** Opening Supplied information block **

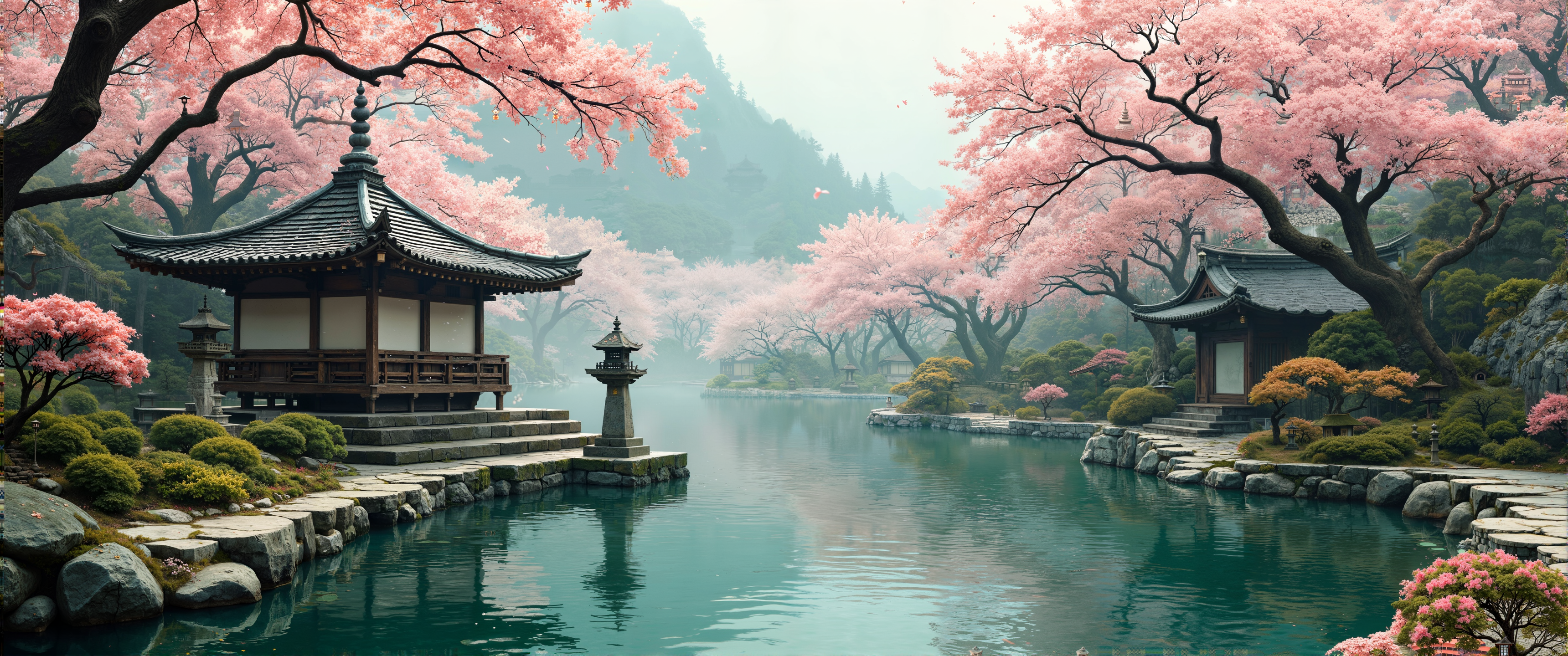 Ancient stone lanterns nestled among cascading ivory cherry blossoms in a secluded mountain temple garden, surrounded by centuries-old pines with twisted trunks. Weathered wooden pavilion perched on the edge of a serene emerald reflecting pool, capturing the ephemeral beauty of falling petals on rippling water. Delicate morning mist embraces the scene in soft ethereal light, enhancing the yugen aesthetic of profound mystery. Traditional nihonga composition with meticulous gold leaf accents highlighting dew-kissed moss gardens, perfectly balanced asymmetry and negative space. Stone pathway winding through azalea shrubs leads to a modest tea house with rice paper screens, embodying wabi-sabi appreciation of imperfection. Masterful brushwork capturing the transient moment between seasons, rendered in soft pastel hues with touches of vibrant spring colors. <lora:Illustration concept V1:0.1> <lora:Anime v1.3:0.3> <lora:flux_dev:1>
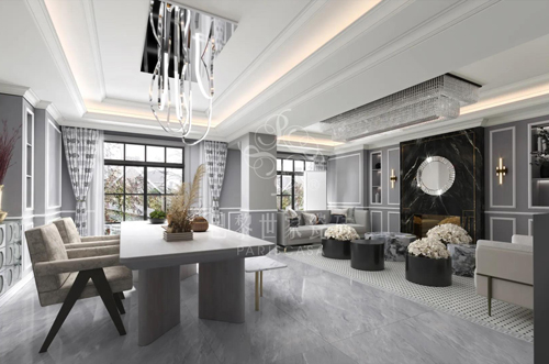 本案例通過巴黎世家柔光瓷磚產(chǎn)品進(jìn)行黑、白、灰搭配,打造層次感,簡約的高級感中略帶一絲神秘氣息,配上調(diào)性十足的歐式元素,不僅在空間色彩與精致的配件上形成呼應(yīng),同時增加了活躍感,舉手投足間塑造出內(nèi)斂不失優(yōu)雅的空間。
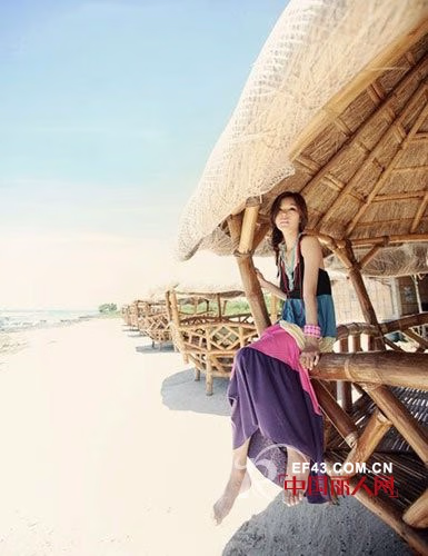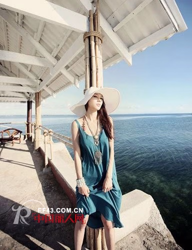 夸张的饰品带出浓郁的民族风,白色宽檐草帽必不可少。海蓝色的连衣裙,材质飘逸柔软,适合在海边度假时穿着,夸张的饰品带出浓郁的民族风,白色宽檐草帽必不可少。
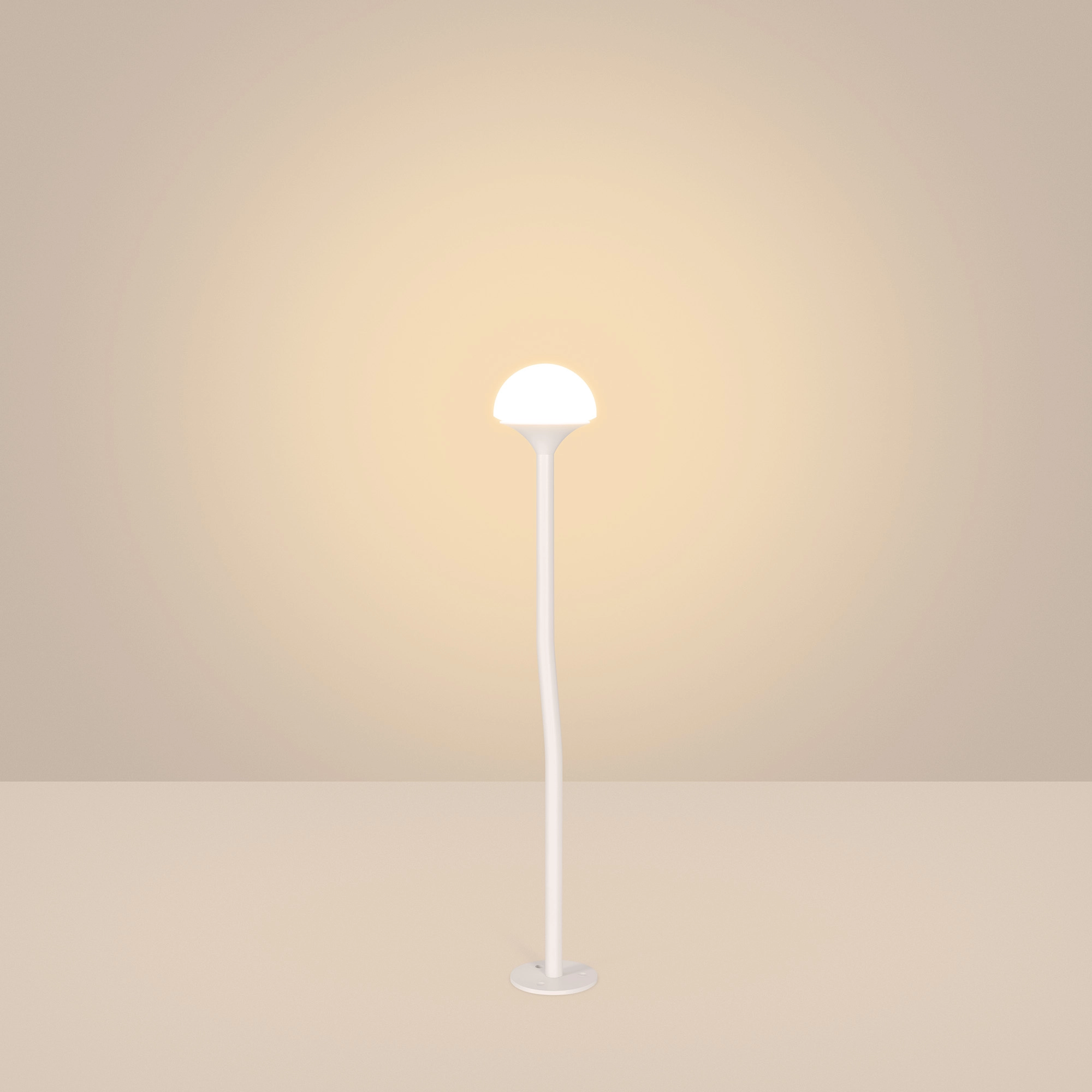 Уличный декоративный светодиодный светильник. Мощность 1 Вт, св. поток 111 лм, 122 лм/Вт, теплый 3000 K, CRI>80, угол излучения 85° напряжение питания 24 В. Белый корпус из алюминия, прозрачный матовый рассеиватель из PMMA. Степень защиты IP65. Размер: диаметр 58 мм, высота 355 мм, высота углубления 155 мм. Монтаж в грунт с помощью основания пика (входит в комплект поставки).

** Closing Supplied information block **

§ **What is being asked**
Write out the whole listing exactly as it appears, and omit the pictures.

§ **Answer section**
 Ancient stone lanterns nestled among cascading ivory cherry blossoms in a secluded mountain temple garden, surrounded by centuries-old pines with twisted trunks. Weathered wooden pavilion perched on the edge of a serene emerald reflecting pool, capturing the ephemeral beauty of falling petals on rippling water. Delicate morning mist embraces the scene in soft ethereal light, enhancing the yugen aesthetic of profound mystery. Traditional nihonga composition with meticulous gold leaf accents highlighting dew-kissed moss gardens, perfectly balanced asymmetry and negative space. Stone pathway winding through azalea shrubs leads to a modest tea house with rice paper screens, embodying wabi-sabi appreciation of imperfection. Masterful brushwork capturing the transient moment between seasons, rendered in soft pastel hues with touches of vibrant spring colors. <lora:Illustration concept V1:0.1> <lora:Anime v1.3:0.3> <lora:flux_dev:1>
 本案例通過巴黎世家柔光瓷磚產(chǎn)品進(jìn)行黑、白、灰搭配,打造層次感,簡約的高級感中略帶一絲神秘氣息,配上調(diào)性十足的歐式元素,不僅在空間色彩與精致的配件上形成呼應(yīng),同時增加了活躍感,舉手投足間塑造出內(nèi)斂不失優(yōu)雅的空間。
 夸张的饰品带出浓郁的民族风,白色宽檐草帽必不可少。海蓝色的连衣裙,材质飘逸柔软,适合在海边度假时穿着,夸张的饰品带出浓郁的民族风,白色宽檐草帽必不可少。
 Уличный декоративный светодиодный светильник. Мощность 1 Вт, св. поток 111 лм, 122 лм/Вт, теплый 3000 K, CRI>80, угол излучения 85° напряжение питания 24 В. Белый корпус из алюминия, прозрачный матовый рассеиватель из PMMA. Степень защиты IP65. Размер: диаметр 58 мм, высота 355 мм, высота углубления 155 мм. Монтаж в грунт с помощью основания пика (входит в комплект поставки).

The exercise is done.